Wednesday, 26 March 2008

The Road Home - 我的父亲母亲



The movie moved me to tears unexpectedly; I didn't think that a simple story set in rural China was going to touch my heart. Undoubtedly, it's going to remain one of my favourite films. It was a story of love set in the 1950s in rural China, between Zhuo Di (Zhang Ziyi) and the village teacher. The story starts off in black and white, with a business man on his way back to the rural village of his birth to take care of his father's funeral. He comes back to find a grief stricken mother who insists that her deceased husband be carried by men on foot from the morgue in the city back to the village by a long winding road. Through preparation for his father's funeral, he narrates the story of his parents' love, which bursts forth in rich colours onscreen, emblemed in the enigmatic child-like wonder of Zhang Ziyi's delicate features. Her role as Di is captivating; an illiterate 18yr old girl who falls in love at first sight with the village teacher.

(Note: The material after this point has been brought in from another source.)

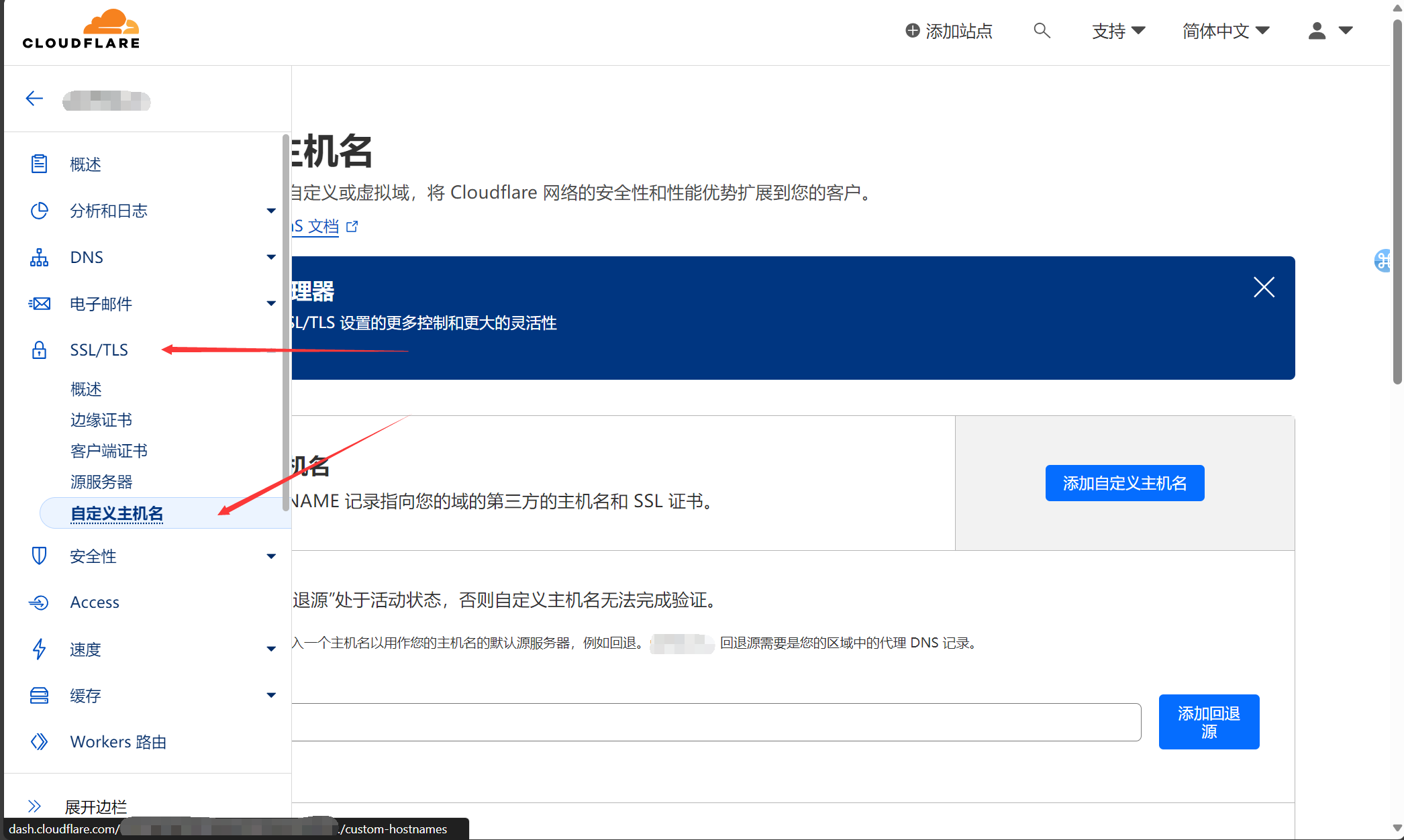 进入回退域的页面,然后点击 SSL/TLS -> 自定义主机名

Finally, a picture of a couple who love each other simply because they fall in love; not because they were 2 individuals seeking love in an alienating city, nor because of lust or emptiness of loneliness or idealized notions of love. A love story that lasts 40 years and refuses to end even with death. A love that can withstand the test of time and unmet expectations, because of the faith that they loved each other.

To think that the modern single talks about managing expectations and moving on to the next possibility of love. As if love was instant food that had to gratify or else; as if breaking up and divorce and "we fell out of love" was the norm. I think the modern man has lost something true, something pure, something that lasts. Perhaps it was the fact that we think our possibilities are endless, that we can afford to play the field a little longer, that we have the faculty of choice, that we deserve only the best, that we will only know if we love one another if we "try it out". The irony is that all these chasing after what we think is the formula for true love only pushes it further and further into the realm of imagination and ultimate frustration.

I just ask for that simplicity. I hope it's possible.